Cette cécité - celle que l'on suppose aussi à l'auteur de l'Iliade - a ici des fonctions stylistique et métaphorique. Stylistique d'abord. Les sons, les voix sont évidemment essentiels dans la captation de la réalité par un aveugle, auxquels s'ajoute, se mêle ou s'interpose la voix intérieure du narrateur: ce qui fait d'Il y a de un roman entièrement voué à l'oralité. De ce point de vue, le travail de Gabriel Bergounioux est exemplaire. A l'intérieur même du style oral, tous les niveaux de langage sont déclinés. Certainement, les membres de l'équipage sont-ils tous marqués sociologiquement, et l'ensemble doit témoigner d'une certaine cohérence, d'autant que les officiers restent constamment hors champ, des matelots comme du lecteur.
Mais l'auteur joue sur la palette des sentiments - la peur, l'angoisse, la forfanterie, la veulerie... - et sur les différents modes de parole, de la confidence au dialogue viril, du monologue intérieur aux ordres aboyés par les «sous offs» et les quartiers-maîtres.
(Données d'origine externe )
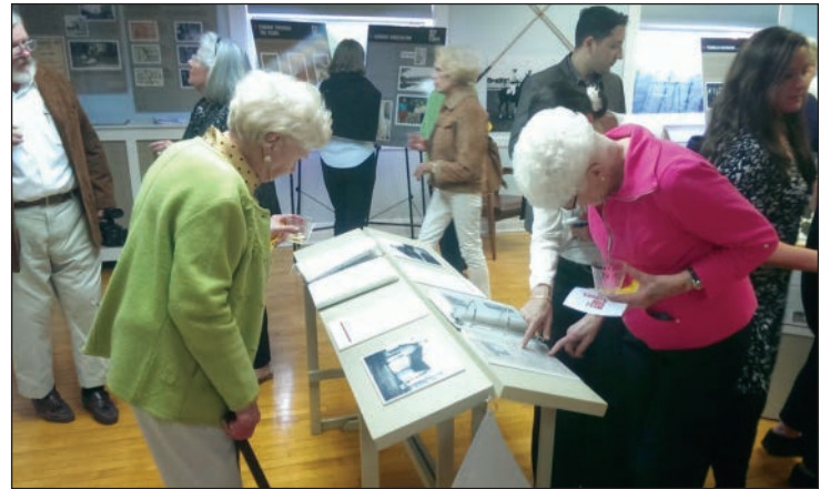
Members' Preview of West Side Stories.
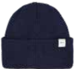
689 DARK NAVY
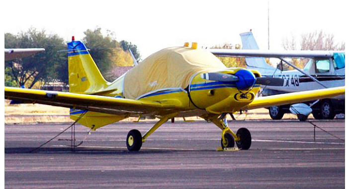
Beagle Pup Canopy Cover
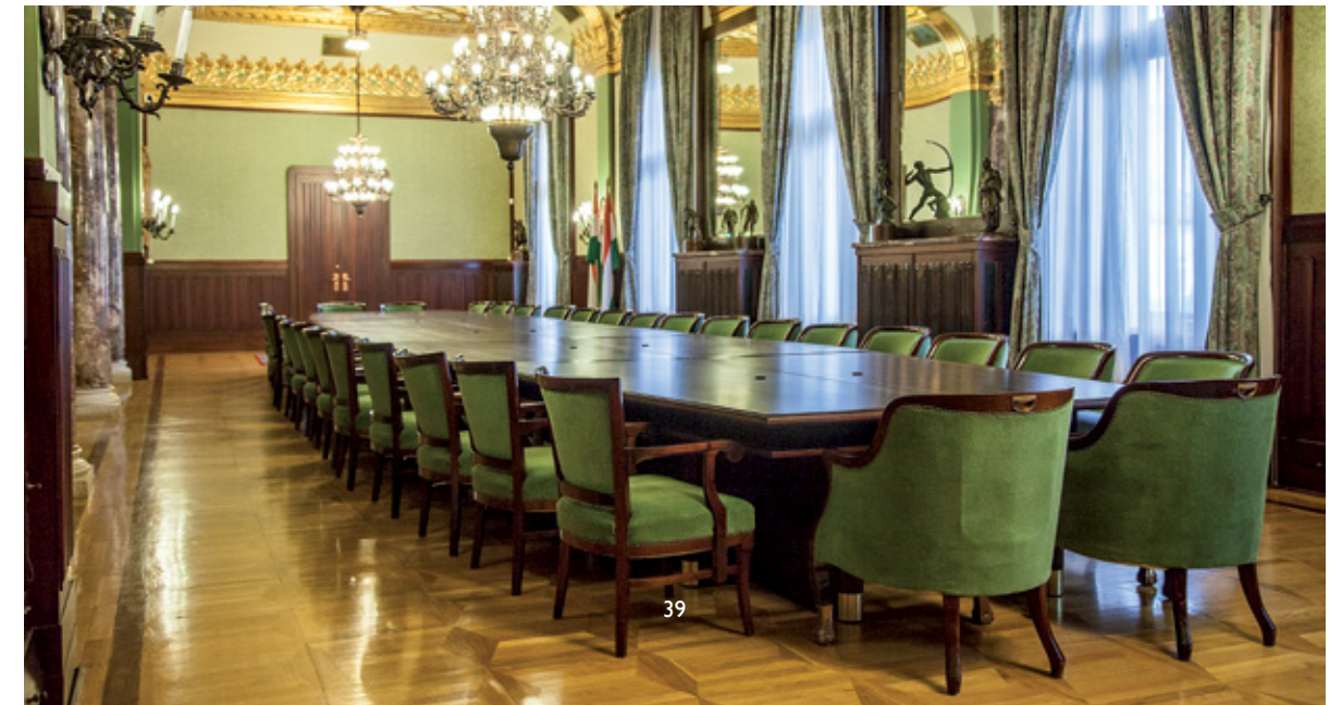
Lamfalussy Conference Room

Students in elementary and secondary education, as well as in university programmes other than economics, do not or only insufficiently receive the knowledge necessary for managing everyday finances. It is therefore important to launch financial awareness programmes at multiple levels, so as to ensure that the required information reaches the intended target audience.
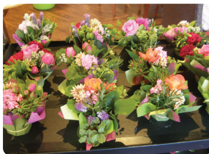
More flower arranging activity
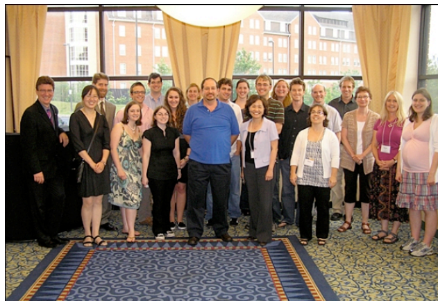
First Little Skate Genome Annotation Workshop, UD, May 2010

The second workshop (Mount Desert Island Biological Laboratory ME, October 2010) included additional lectures on relevant topics, followed by exercises, where the eighteen participants annotated genes from the little skate transcriptome associated with the Wnt and Hedgehog signaling pathways and ABC transporters. With over forty participants, the final workshop (UD, May 2011) built upon the results of the earlier workshops with teams focusing on more complete annotation of genomic and transcriptomic genes from the Hedgehog pathway, as well as protein level annotation for a number of targets. This workshop culminated with teams presenting their annotations to the larger group and submitting appropriate information to public annotation repositories. The workshop was followed by the first Annual Symposium of UD's Center for Bioinformatics and Computational Biology (CBCB) on May 27, 2011, which attracted over 110 attendees, including the participants in the weeklong genome annotation workshop. http://bioinformatics.udel.edu/seminars/ResearchSymposium
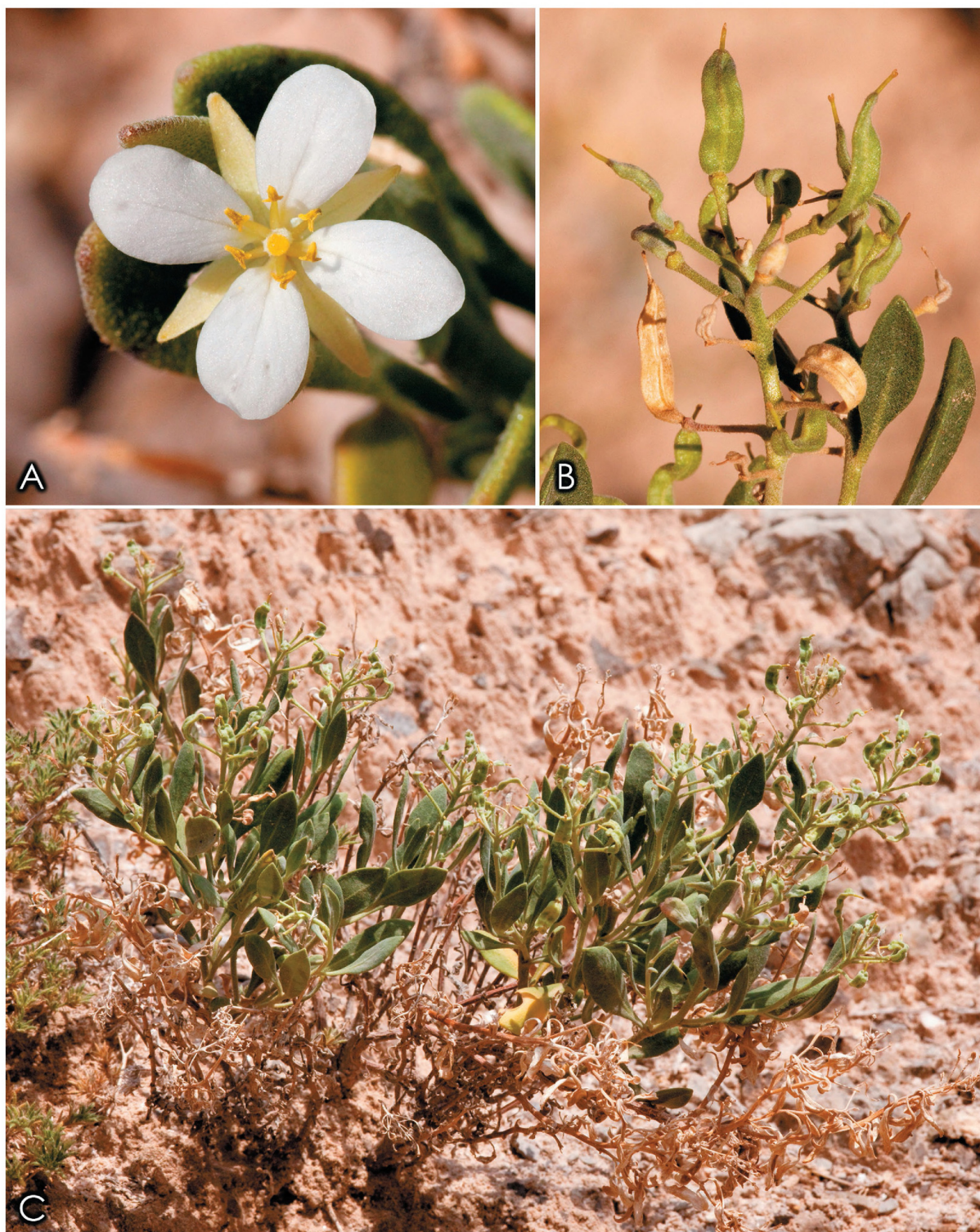
FIG. 4. Nerisyrenia hypercorax . A. Flower at the type locality. B. Fruit at the site of P.J. Alexander 1324. C. Plant habit at the type locality.

age, filaments 2.0–4.5 mm long. Ovary tomentose, 2–4 mm long, 0.8–1.5 mm wide, style glabrous, 1.3–2.2 mm long, stigma deltoid-sagittate, 0.5–0.8 mm long, somewhat decurrent on the style. Infructescences compact, (1.5–)2.0–4.5(–6.5) cm long, with 5–15(–20) fruits, middle internodes 1–5 mm long, pedicels straight, ascending to, infrequently divaricate, (3–)4–9(–13) mm long. Siliques obcompressed (angustiseptate), oblong, rounded-

Le roman atteint parfois des sommets de drôlerie, notamment quand les matelots, aidés par un des leurs voué à cette tâche, écrivent à leurs proches, contraints qu'ils sont par leurs propres limites stylistiques, mais aussi par la censure qui leur interdit toute description du lieu où ils se trouvent ou de leur moral. On songe alors à un vieux sketch de Guy Bedos et de Sophie Daumier, où le premier dictait à la seconde, une employée des PTT, un télégramme qui se voulait enamouré.
Mais le narrateur, plus impersonnel encore, peut hausser son niveau de langage quand il se livre à certaines descriptions. Ici par exemple : « Les oiseaux, dès que les cuistots balancent les fonds de gamelle, des chapelets de riz en grumeaux ou des épluchures, le ragoût qui accroche, des liants de farine, ça tombe comme qui dégueule, à ce moment en bandes, ils devraient y prendre leur envol et cueillir nos ordures mais j'entends pas leurs cris de bois mouillé à monter et descendre près des mâts. » Phrase splendide parmi beaucoup d'autres, toujours dans la tonalité orale, profondément lyrique.
La cécité métaphorique, ensuite. Plongés au coeur de la guerre, les marins n'en voient strictement rien. De l'ennemi, ils ne savent pas davantage. Secret défense partout. Quand le moindre remorqueur approche pour l'approvisionnement, tout le monde est envoyé en fond de cale.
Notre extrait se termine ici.